Chasing Ambiguity

There is something I find fun about trying to understand questions with no answers. I think that is why I have started describing myself to people as more theological that religious or why I enjoy pursuing the nature of art. I thrive inside ambiguity. However. I hate it when it is imposed by an external source.

Go back and read my writings from the time I was waiting for the mortgage to close. I was losing my mind because of unknowns beyond my control. Underwriting kept missing their own deadlines and there was no clear time horizon. Everything felt vague and forced upon me. It was constraining.

However when I am inside ambiguity it is freeing. It is a mode of discovery.
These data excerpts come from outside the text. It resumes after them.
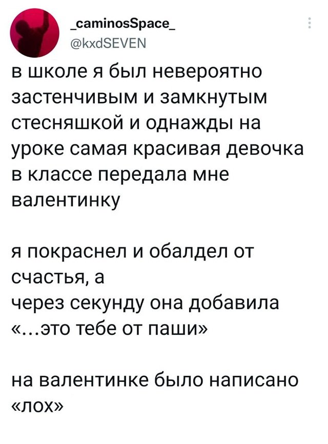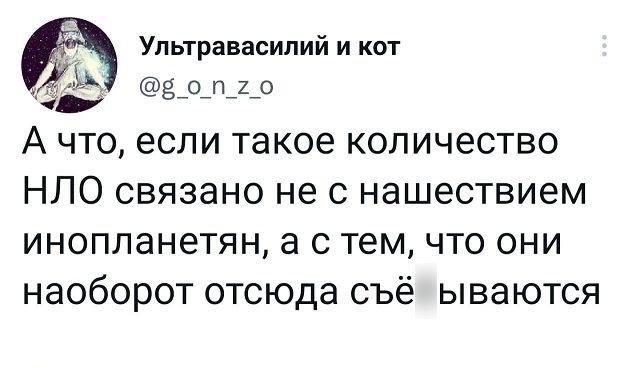 Подборка забавных твитов обо всем. Выпуск 562 Категория: Подборка забавных твитов обо всем, PEGI 16 18 февраля 2023 Предыдущая страница 1 2 3 4 Следующая страница Предыдущая подборка +3 интернет, твиты, короткие сообщения, прикол, мысли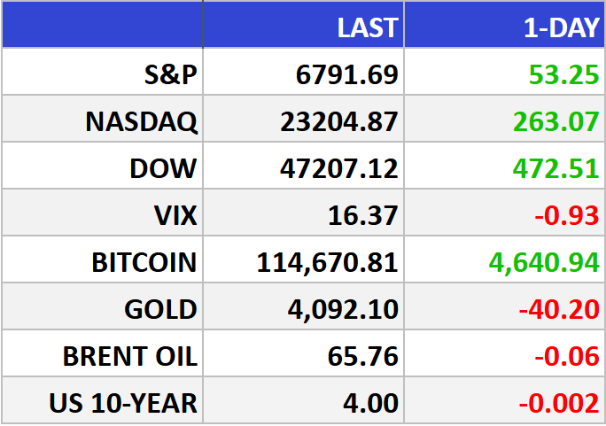 Stocks ended last week on a record-breaking note: the Dow closed above 47,000 for the first time, the S&P 500 climbed 0.79%, and the Nasdaq gained 1.15%. Futures extended those gains Sunday evening, pointing to more momentum ahead of a pivotal week.
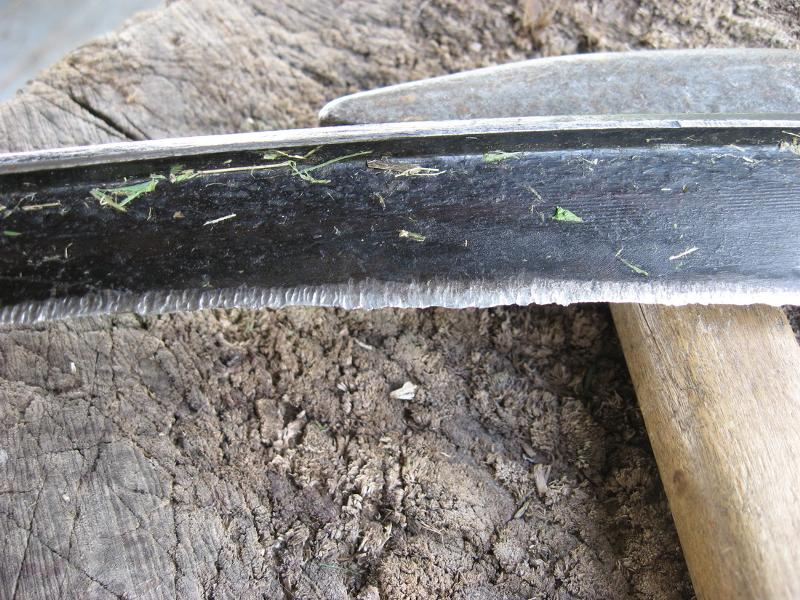 На лугу сено могут несколько часов к ряду косить, пока совсем роса не спадёт. Подтачивают соответственно тоже постоянно. Неровность на полотне после отбивки сходит очень быстро.

We zoom out to 30,000 ft, slowly circle, and then find a small nugget of truth and head back to the ground to refine it to a sharpened point. This is how I do best in my days.

I can’t tell you what happened to me yesterday but I messed up everything. My brain imploded near the end of the day. I had a longer than normal work day but part of that was a lunch and learn on websites and how to have a good one.

That right there is what we call a pain point. So instead of sitting quietly while learning I decided to pursue some active learning and after running a test on my website found a process that could be improved. There was an old GA tag on the site and it needed to be removed or so I thought. A quick sanity test would have stopped me, but I didn’t sanity test. I chased. I ran down that rabbit hole and got stuck.

I ended up with no resolution and it brought up bad memories from the past. It angered and disrupted me and after that my day was done, but instead I went home, chased that rabbit a little more, and then dove into another friction point. After that when the kids started fighting as soon as I sat down to relax it drove me over the edge. I left the house and drove to the brewery from some peace and quiet and to read and relax.

The end result was the family missed Ash Wednesday because I’d already turned to dust.